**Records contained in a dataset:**
◇ ◇ ◇ ◇ ◇ ◇ ◇
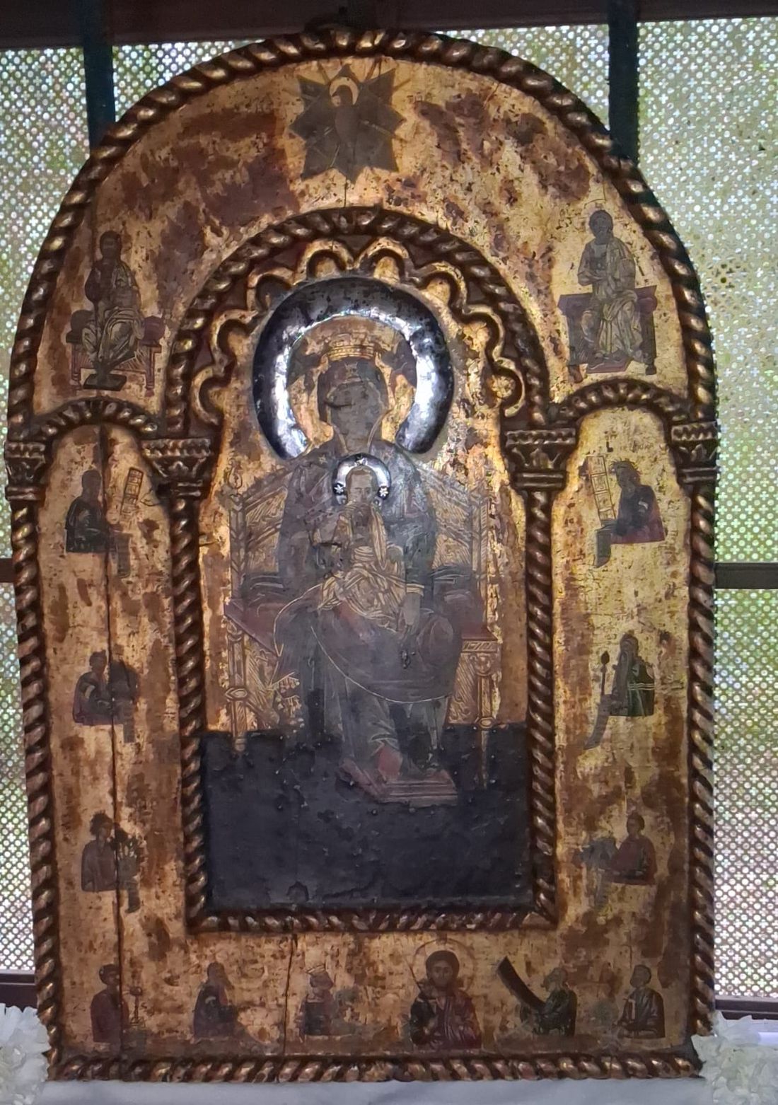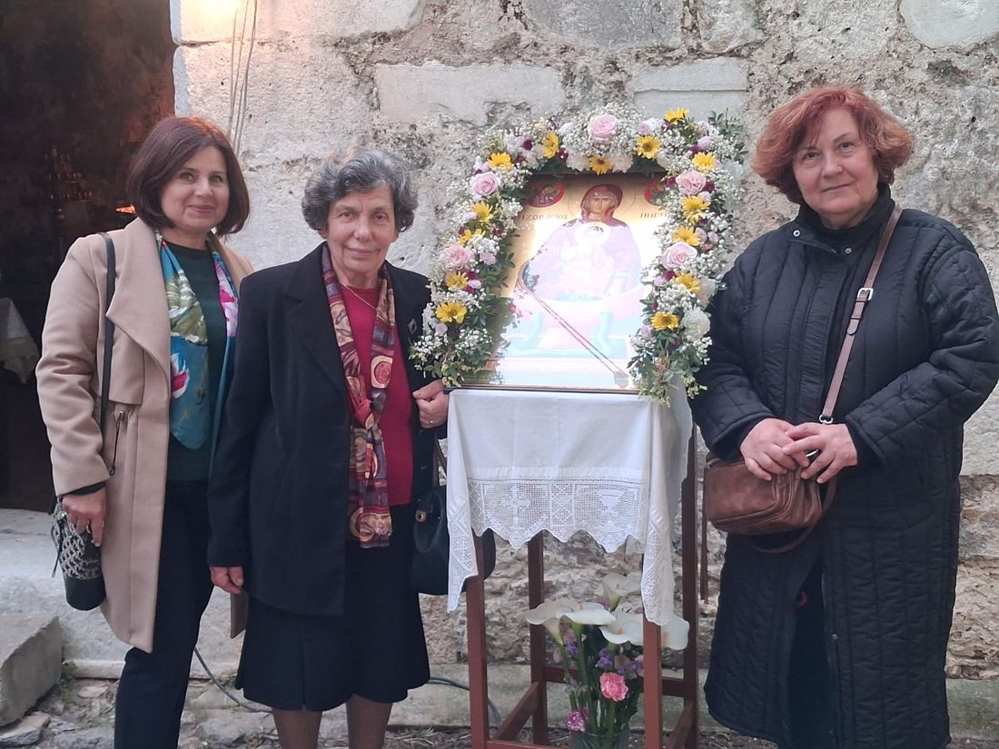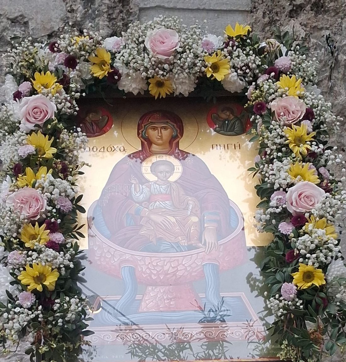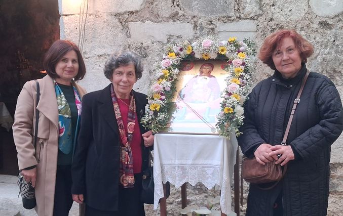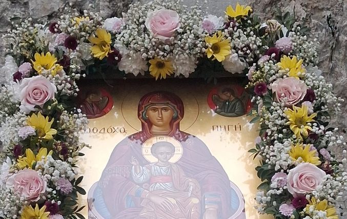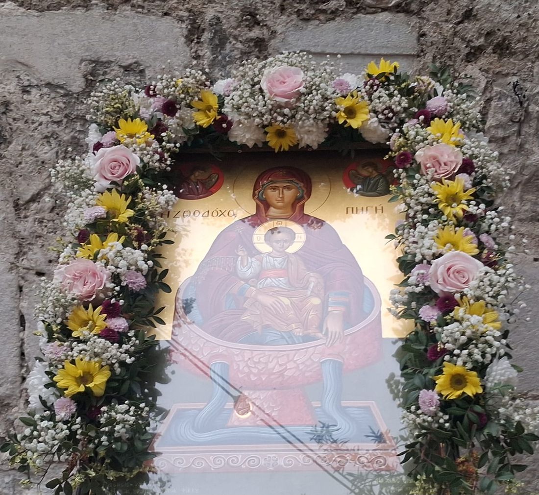 Τέλος ο Σεβασμιώτατος ευχαρίστησε για άλλη μια φορά την κ. Νένα Φάκκου για την αφιέρωση της πολύ όμορφης εικόνας της Παναγίας Ζωοδόχου Πηγής, την οποία Αγιογράφησε η Αγιογράφος του Εργαστηρίου της Ιεράς Μητροπόλεως κ. Χρυσή Τσιούρη με άλλη μια μαθήτρια της για προσκύνηση στον ιερό ναό.
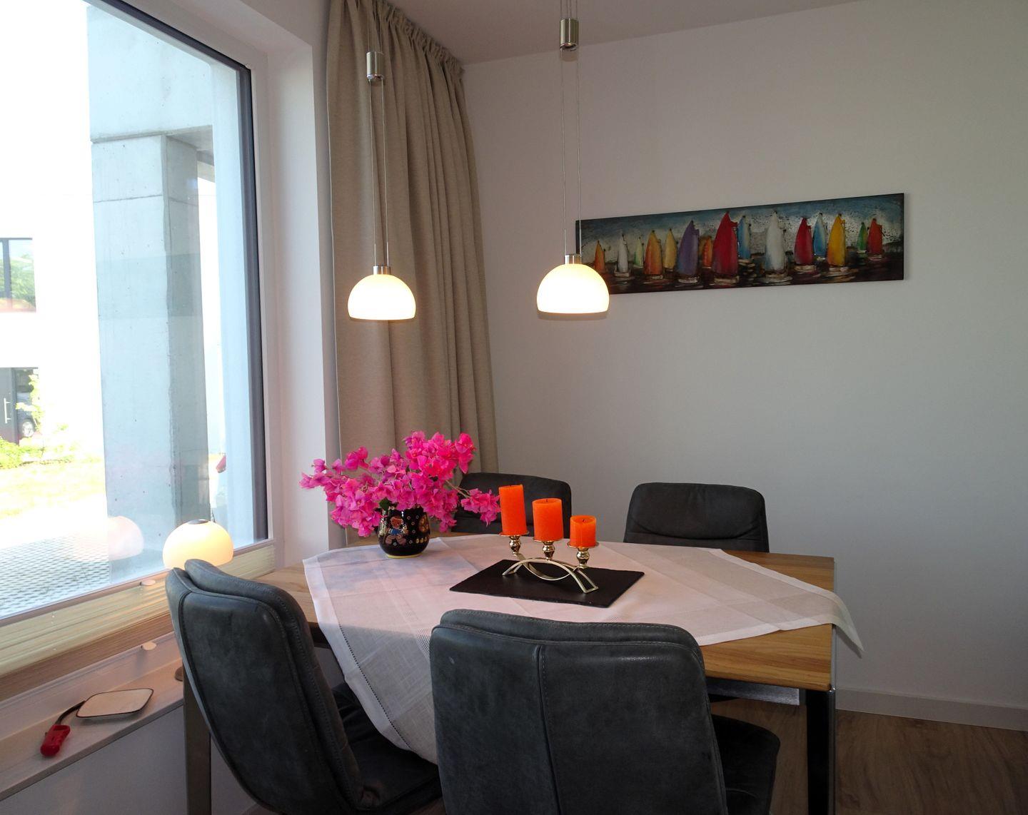 Der offene Wohn- und Essbereich mit bodentiefen Fenstern sorgt für viel Tageslicht und Wohlfühlatmosphäre. Hochwertige Möbel und ein modernes Design schaffen ein elegantes Ambiente. Die offene Küche ist voll ausgestattet – perfekt für entspannte Kochmomente. Auf dem Schlafsofa finden zwei Kinder oder eine erwachsene Person bequem Platz.
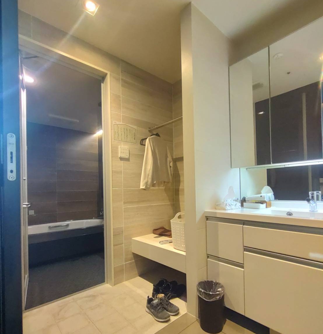 体験入浴室の横には、広々としたパウダールームも完備されています。 清潔感あふれるモダンなデザインで、鏡裏やカウンター下の収納も充実しており、実際に使う場面を想定しながら確認していただけます。
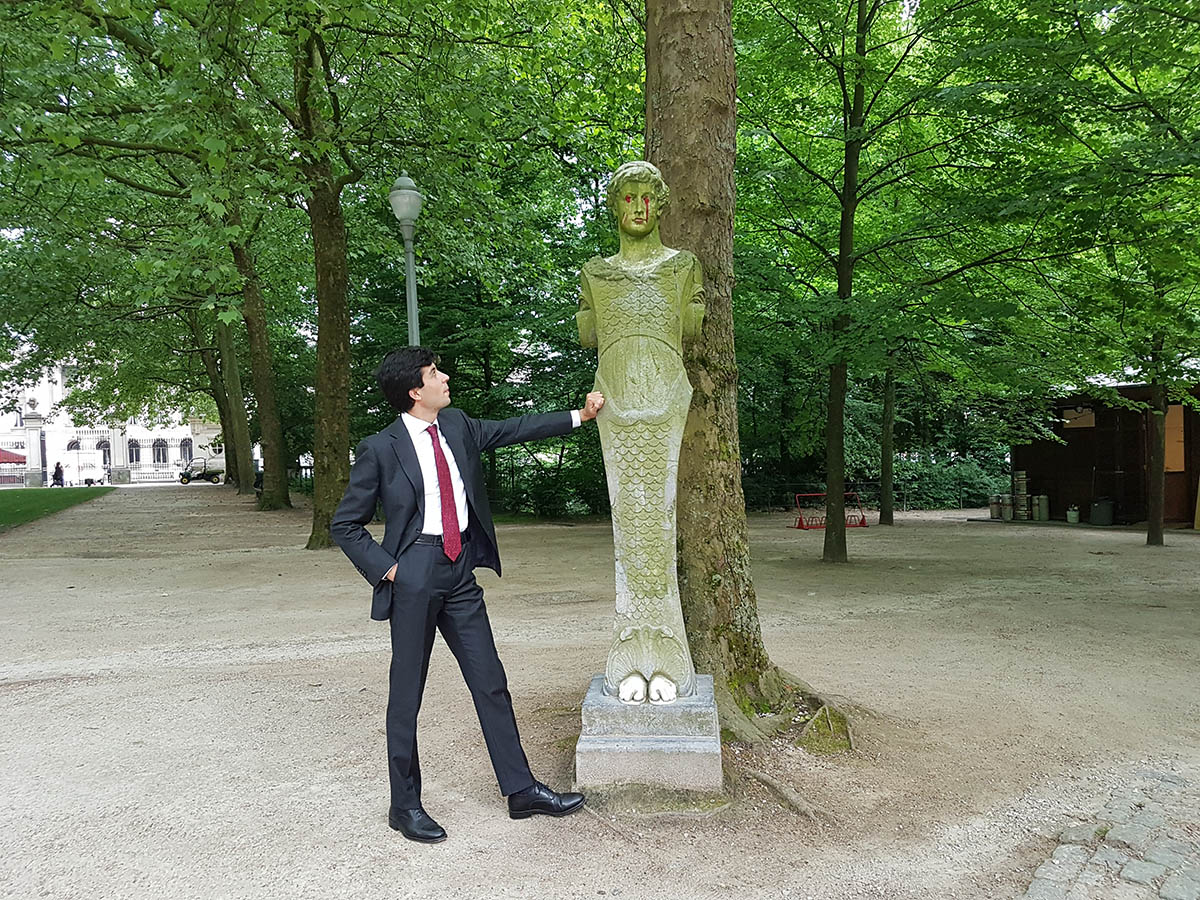 Statue “Herme” by Laurent Delvaux in Brussels Park (red eyes probably by protest artist Anne Wetsi Mpoma).
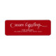 This label features the words season's greetings in a script font written in white and set on a red background.
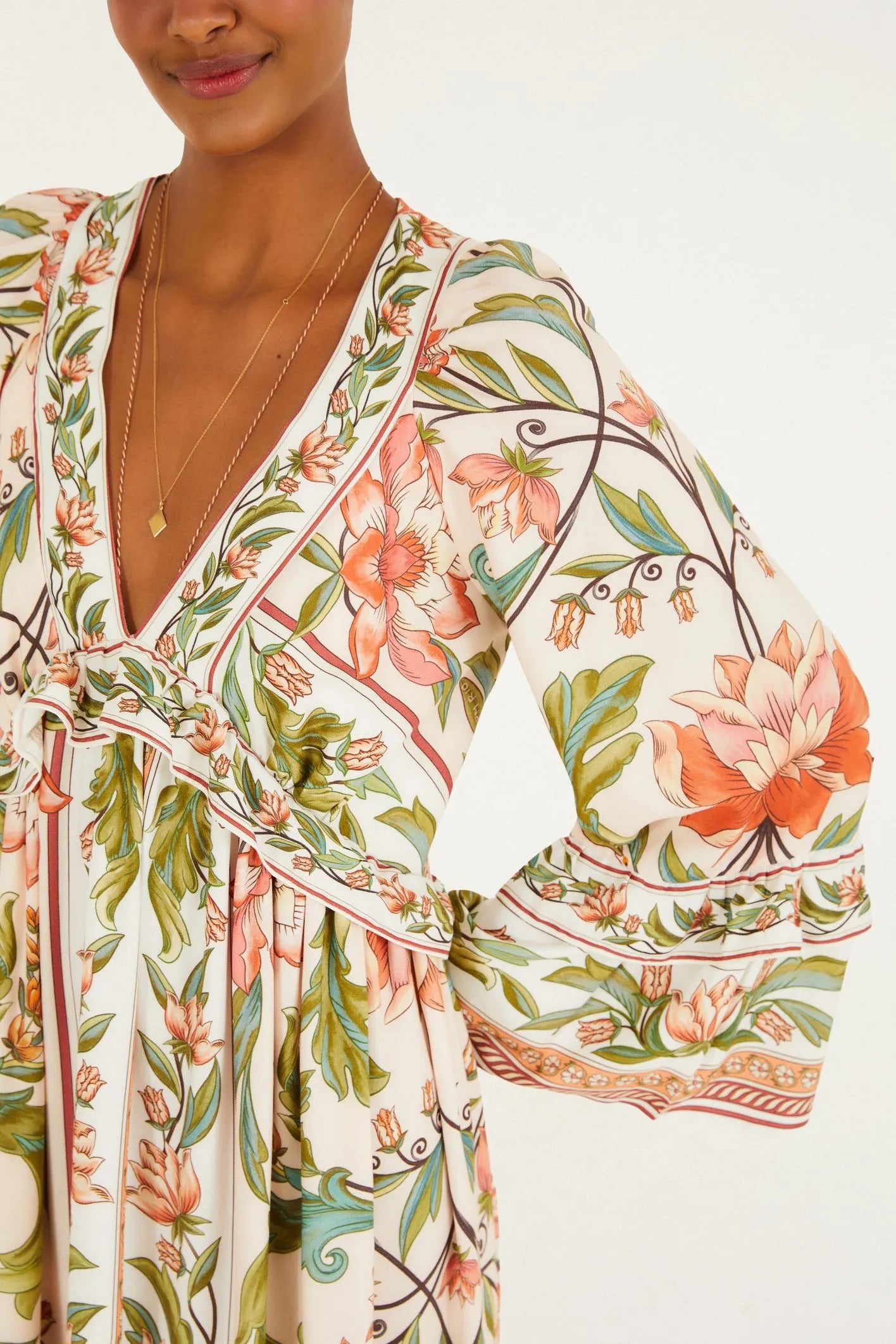 Vestido largo estampado Natalia. Con escote en V y manga larga, es perfecto para looks casuales y ocasiones especiales. Su diseño fluido aporta ligereza, y los detalles de lazo en las mangas y el busto le dan un toque de encanto y originalidad. Una opción ideal para que tu verano sea aún más especial.
◇ ◇ ◇ ◇ ◇ ◇ ◇
**What this task involves:** Your copy should match the records word for word, with the pictures removed.

**Worked solution:**
 Τέλος ο Σεβασμιώτατος ευχαρίστησε για άλλη μια φορά την κ. Νένα Φάκκου για την αφιέρωση της πολύ όμορφης εικόνας της Παναγίας Ζωοδόχου Πηγής, την οποία Αγιογράφησε η Αγιογράφος του Εργαστηρίου της Ιεράς Μητροπόλεως κ. Χρυσή Τσιούρη με άλλη μια μαθήτρια της για προσκύνηση στον ιερό ναό.
 Der offene Wohn- und Essbereich mit bodentiefen Fenstern sorgt für viel Tageslicht und Wohlfühlatmosphäre. Hochwertige Möbel und ein modernes Design schaffen ein elegantes Ambiente. Die offene Küche ist voll ausgestattet – perfekt für entspannte Kochmomente. Auf dem Schlafsofa finden zwei Kinder oder eine erwachsene Person bequem Platz.
 体験入浴室の横には、広々としたパウダールームも完備されています。 清潔感あふれるモダンなデザインで、鏡裏やカウンター下の収納も充実しており、実際に使う場面を想定しながら確認していただけます。
 Statue “Herme” by Laurent Delvaux in Brussels Park (red eyes probably by protest artist Anne Wetsi Mpoma).
 This label features the words season's greetings in a script font written in white and set on a red background.
 Vestido largo estampado Natalia. Con escote en V y manga larga, es perfecto para looks casuales y ocasiones especiales. Su diseño fluido aporta ligereza, y los detalles de lazo en las mangas y el busto le dan un toque de encanto y originalidad. Una opción ideal para que tu verano sea aún más especial.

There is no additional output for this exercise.